The clean girl aesthetic is a lifestyle trend, most associated with TikTok, focused on natural beauty, health, and minimalism, as well as wellness, fitness, and self-care routines.

== History ==
The clean girl aesthetic first emerged towards the end of 2021, with the term populating Google Trends in 2022. The aesthetic exists within the broader "That Girl" trend, which is described as "productive and professionally successful yet...still finds the time to eat well, meditate, read, exercise, and follow a strict skincare regime". The primary platform for the "Clean Girl" aesthetic is TikTok. As of February 2026, there have been over 1.2 million videos using the tag #CleanGirl.

Scholars have written that through the lens of Judith Butler's notion of gender performativity, femininity is defined as a repetitive performance of societal norms. To achieve the clean girl aesthetic, individuals follow a series of "performances" such as maintaining clear skin through dedicated routines, practicing thorough personal hygiene with extensive showers, eating extremely healthy, and exercising daily.

== Key characteristics ==
The clean girl aesthetic includes the use of makeup, skincare, hair styles, fashion, and lifestyle behaviors.

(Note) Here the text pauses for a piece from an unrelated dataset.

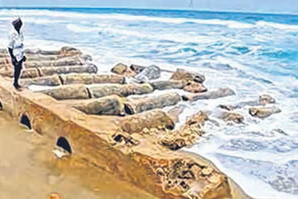 தனுஷ்கோடி: தனுஷ்கோடியில் 1964ஆம் ஆண்டு, புயலால் சேதமாகி கடலுக்குள் மூழ்கிப்போன சாலைப் பாலம் 55 ஆண்டுகளுக்குப் பிறகு தற்போது வெளியில் தெரிகிறது. இப்பாலத்தை ஏராளமான சுற்றுலாப் பயணிகள் ஆச்சரியத்தோடு பார்த்துச் செல்கின்றனர்.
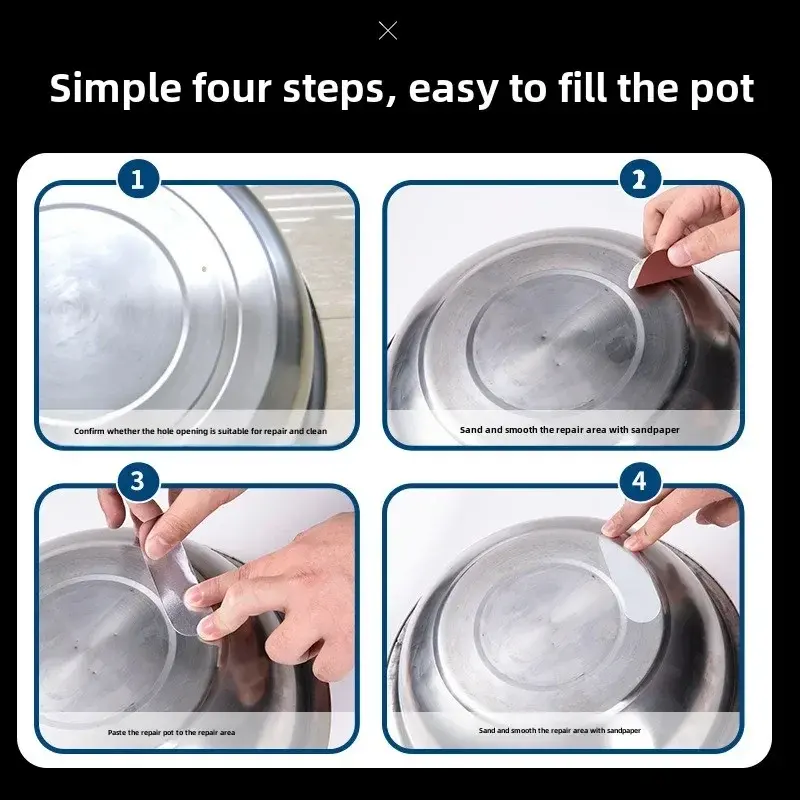สติกเกอร์กันน้ำแบบแผ่นอะลูมิเนียมฟอยล์สำหรับซ่อมแซมภาชนะในครัว เช่น หม้อ ชาม อ่าง ถัง และโถ แบบขายส่ง

Central to the aesthetic is the "no-makeup" makeup look, characterized by glossy lips with minimal color, blush applied heavily to give the face a rosy glow, and perfect eyebrows, while appearing effortless and undetectable. Skincare is highlighted as an extensive five-plus step routine across influencer videos, including the use of anti-aging products and anti-blemish skincare. The associated hair style is typically seen as a slicked-back bun, often with a center part in front. Alternatively, when hair is worn down, it is always smooth and shiny.

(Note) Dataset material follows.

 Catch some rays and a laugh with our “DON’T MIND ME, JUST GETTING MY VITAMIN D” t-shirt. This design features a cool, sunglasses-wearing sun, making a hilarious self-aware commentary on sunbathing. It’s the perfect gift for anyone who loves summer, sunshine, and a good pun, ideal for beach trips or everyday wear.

Clothing within the aesthetic is characterized by outfits with few colors, often whites, blacks, grays, and light neutrals. Within the "Clean Girl" aesthetic, the limited color palette removes distractions to bring more focus to themselves. Additionally, clothing should not be belabored while, simultaneously, looking polished and put-together. Lifestyle behaviors of a "Clean Girl" emphasize taking care of both physical and mental health, including waking up early to maximize morning hours, working out regularly (pilates as the preferred form), and eating a healthy breakfast accompanied by a green drink or matcha.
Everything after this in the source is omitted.